Now I could afford a more casual walk around.
I’ve deployed the folding chair and footstool to get some remote work done in all kinds of weird places, but this spot beats them all!
I programmed for a few good hours. Sometimes I’d look up and see another crazy tourist enjoying the landscape around me, and snap a photo:
On my way back to camp I passed one of the notorious hot springs.
I had a swimsuit, but the spring looked crowded and uncomfortable to me. I decided to skip it.
The prominent warning about itchy parasites reinforced my decision.
The water feeding into the spring was lovely, though. A big chunk of the valley was threaded with tiny streams, some of which were clearly way above ambient temperature and hosting some interesting life forms. I wandered among fluffy sheep and other quiet hikers, enjoying the heat of the sun and water mixing with the cool air and the shadows from the peaks.
Tourists arrived and departed constantly, all day. Every time, spectators would pause and turn their heads to watch the minor drama of a vehicle fording the stream.
I’d done enough wandering around on flat land. Time to climb some hills!
Just look at those hills! Gotta get up in them thar hills! Let’s do some footwork that isn’t pedaling!
The local maps showed a network of major hiking trails, taking off in different directions and promising multiple days of rough cabin camping, plus a few looping paths that went out into the lava field to the west and up along the ridge line.
I lingered by the ranger station and listened to people ask questions about the weather, the terrain, the daylight, the landmarks, and so on. The variety of broken forms of English was fascinating.

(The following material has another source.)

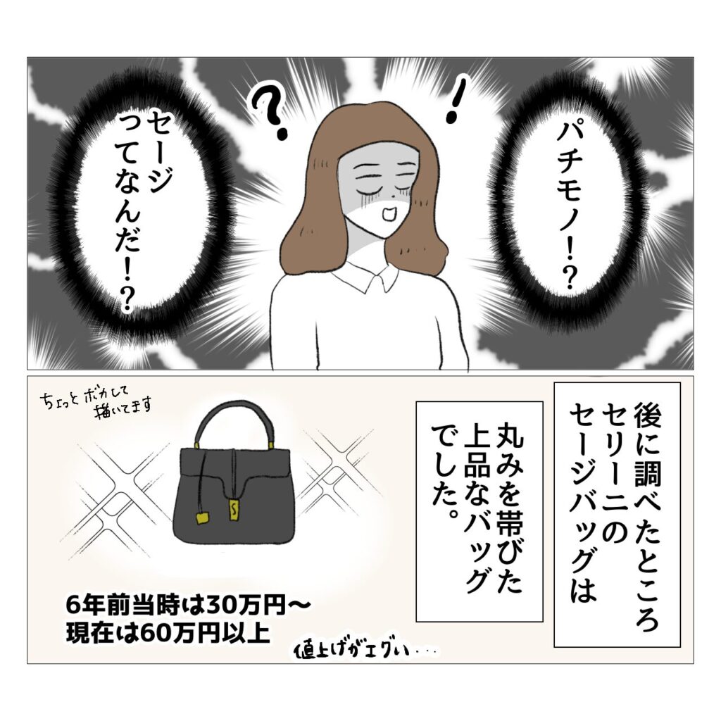 この時は結局セーズは買いませんでした。でもこの30万円台の時に買っておけばよかったなあと激しく後悔してるバッグです。これみよがしなブランド感がないけどおしゃれなデザインで、お出かけも式典系もいけますし、年齢問わず長く使えるデザインで…爆発的に流行ってるわけじゃないので流行り廃りもないですし…。でもまあ、買わなかったものは仕方ない。とりあえず柿崎さんの助言で模倣品を買わずに済んで、それは本当によかったです。
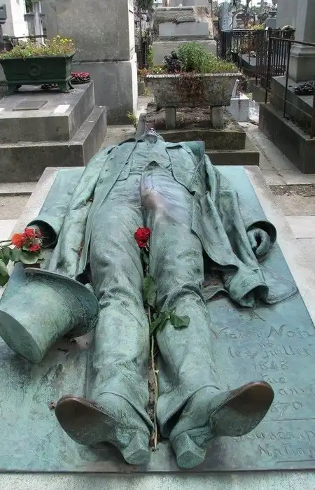 Среди самых знаменитых людей, похороненных на Пер-Лашез, выделяется могила Виктора Нуаре. Этот мужчина работал журналистом. Его друг и коллега был очень оскорблен письмом принца Бонапарта, которое опубликовало конкурирующее издание. Мужчина очень просил Виктора инициировать дуэль, но вот что происходило дальше неизвестно. История же закончилась тем, что Виктор влепил принцу пощечину, после чего тот застрелил наглеца. Причем смерть настигла журналиста незадолго до свадьбы.

Eventually I decided it would be more fun just following the bank of the river on the north side of the valley for a while, rather than doing a loop trail. All of them felt longer than I wanted, since I tend to walk very slowly and inspect the ground and wave the camera everywhere.
I swapped some kit out back at the tent, and started some Skyrim music on my headphones because I’m hopelessly metropolitan. The shoreline was easy to follow. True to form, I spent half the time with my head bent down staring delightedly at tiny weird plants and textures of rock that were familiar in context but alien in detail.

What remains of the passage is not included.